In the wake of last weekend’s bailout of Ireland, the Eurozone financial crisis has rocked Portugal and begun to affect the day-to-day financing of Italy, Belgium, and Spain.
All four countries were compelled to offer record yields on 10-year state bonds Tuesday, as lenders demanded the highest returns since the introduction of the euro in 1999. Even French and German bonds were caught in the downdraft, as speculators demanded a full half-point higher interest rates compared to last summer...
In a report issued Tuesday, the Portuguese Central Bank warned that it was suffering a crisis of liquidity and was only being kept afloat by loans from the European Central Bank. For the first time a leading Portuguese politician, opposition leader Pedro Passos Coelho of the Social Democrats, conceded that the country may have to accept an EU-IMF bailout. This would make Portugal the third Eurozone country to receive such a loan, following Greece and Ireland.

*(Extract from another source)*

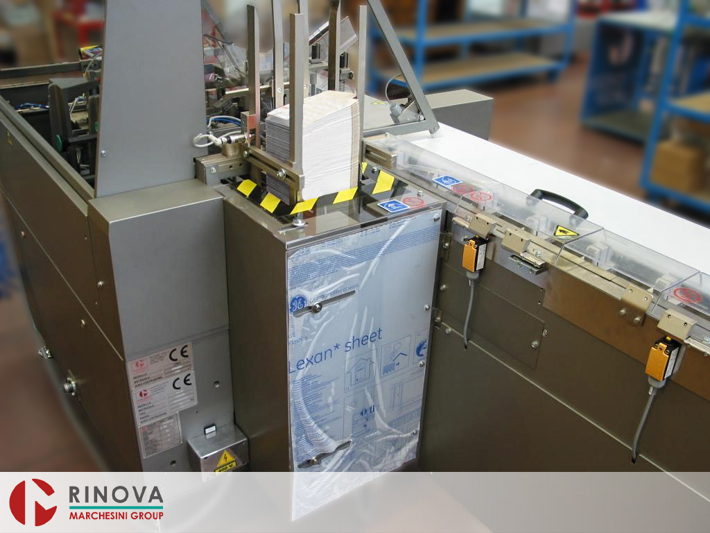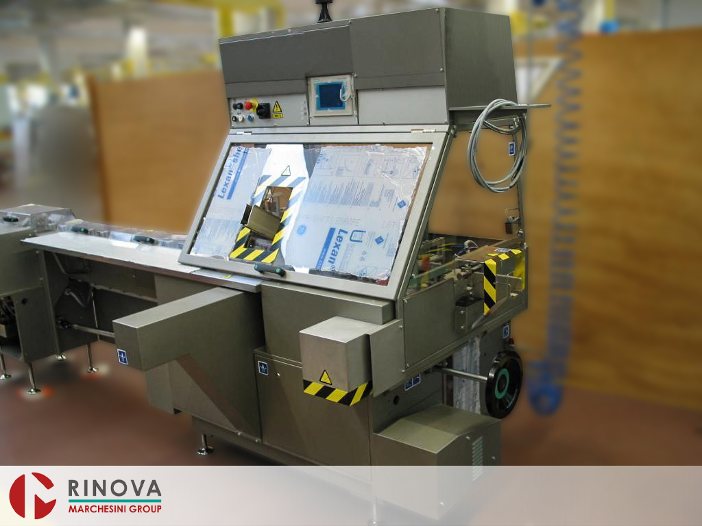 The Marchesini BA50 is an automatic intermittent motion horizontal cartoning machine for sachets. Suitable to pre‑break and to open three-flap straight or reverse tuck-in cartons, insert product, which has been delivered to the infeed bucket chain, close cartons and discharge

In a major move to assuage the banks, European finance minister hurriedly agreed to a proposal put forward by Germany and supported by France at the weekend for an extension of the existing European emergency bail out fund, through the creation of a European Stability Mechanism (ESM).
The main element of the new agreement is the setting up of a fund to replace the existing €440bn ($583bn) rescue fund established by European governments in the wake of the Greek debt crisis in May of this year.